5.2 Influence of Polymerization Threshold
Apart from the simulation by Munteanu and Sole´, all earlier simulations indicate that division times
increase with the polymerization threshold. We will see that these findings are confirmed by our
lavoro. Inoltre, we provide evidence that the reversible coupling between the metabolic subsystem
and the template subsystem, which is indicated in Figure 1 COME (5), is indeed responsible for the
chemoton’s response to a changing polymerization threshold.

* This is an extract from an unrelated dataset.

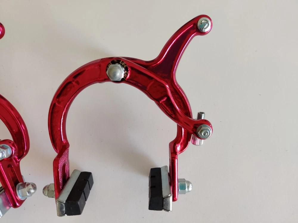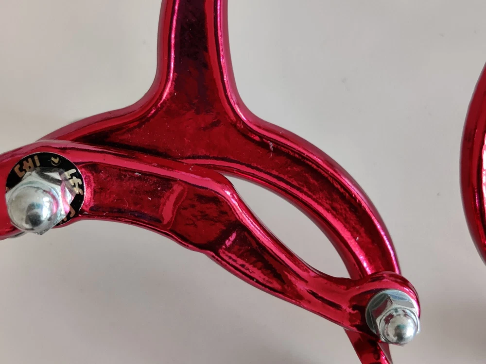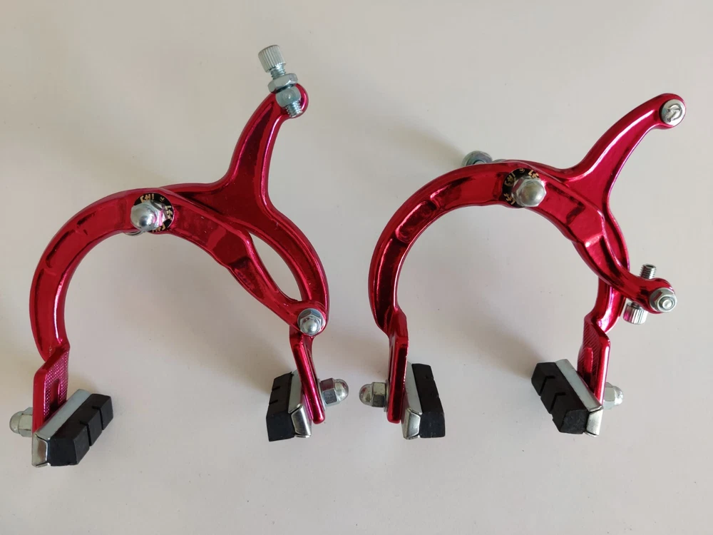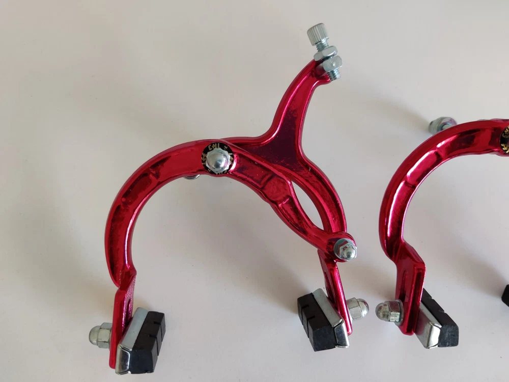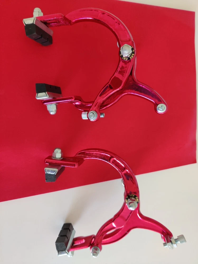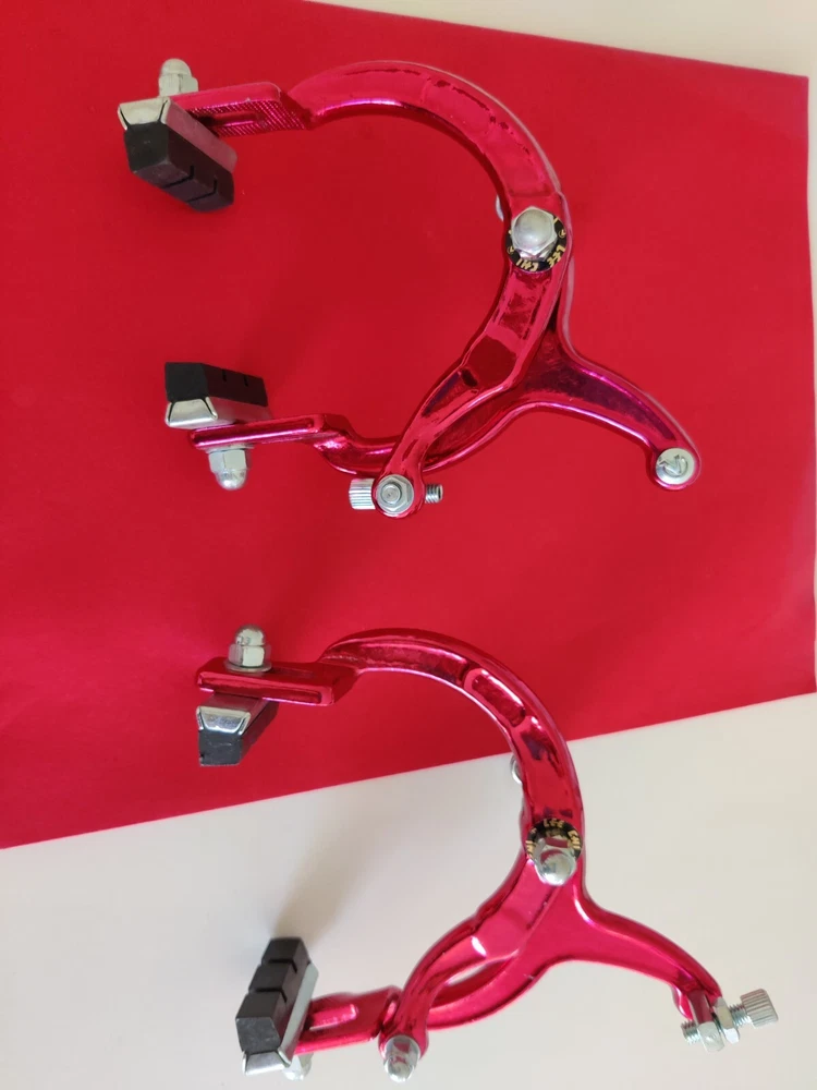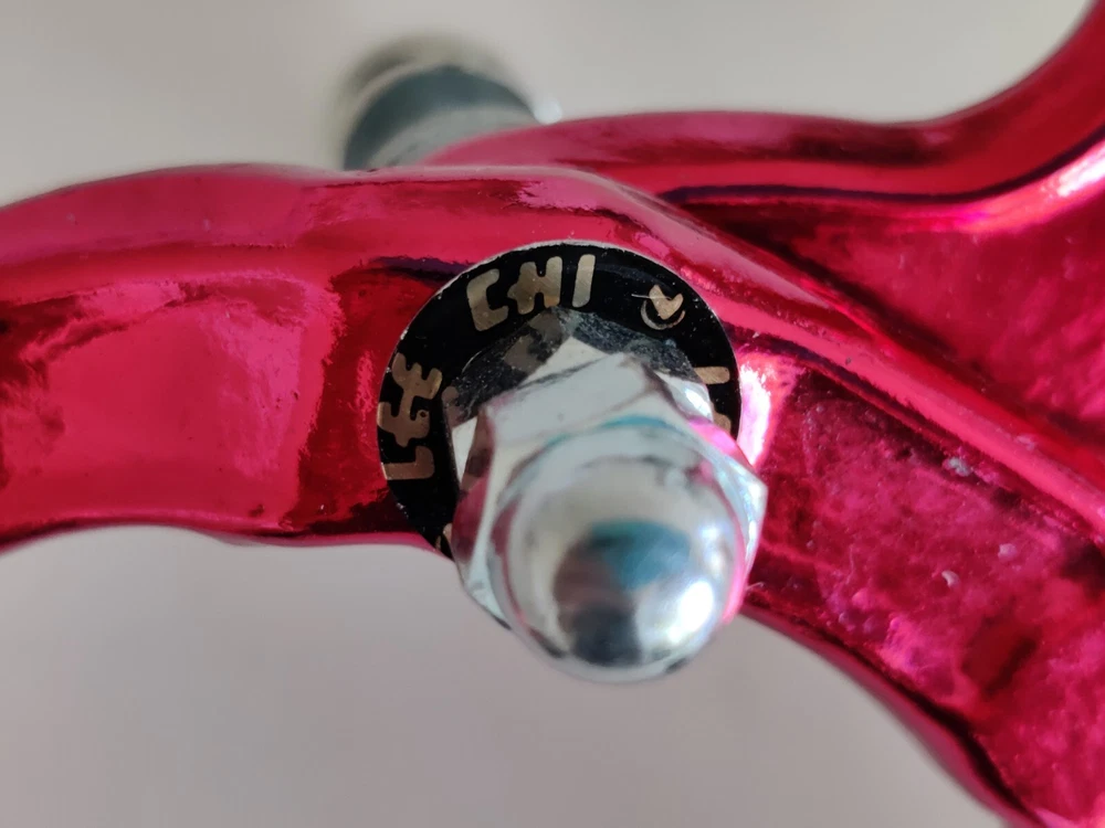 Vintage Lee Chi Front & Rear Brake Calipers 1000A Chrome Old School BMX New, never used/mounted Old-school style from Lee Chi Brake pads included There is a very minor shelf wear, tiny hairline scratches on paint from storage for many years on one of the calipers. See photos. Note, the color is not a true red but a pinkish red. Different lighting and angles may affect the color shown in the photos. See last few photos for color comparison. Please ensure items fit your needs. Final sales.

We simulate chemotons with different polymerization thresholds during 50 units of time. The divi-
sion times are calculated by averaging the lengths of the last 100 cell cycles. As can be observed in Fig-
ure 5, division times increase with the polymerization threshold. The influence of the polymerization
threshold vanishes if the coupling between the metabolic subsystem and the template subsystem is made

Figura 5. Dependence of the average division time (upper panels) and the standard deviation of the division times (inferiore
panels) on the initiation threshold for (UN) the usual chemoton and (B) a chemoton in which the coupling between the
metabolism and the template system is made irreversible, questo è, in which k3V is set to zero. Average division times, E
the corresponding standard deviations, are always calculated from the last 100 cell cycles in a simulation. Division times
increase with the polymerization threshold in the normal chemoton configuration. A slowdown of the metabolic cycle,
caused by the high monomer level that goes along with a high polymerization threshold, is entirely responsible for this
behavior. The observed effect disappears when monomers can no longer be reintroduced into the metabolic cycle.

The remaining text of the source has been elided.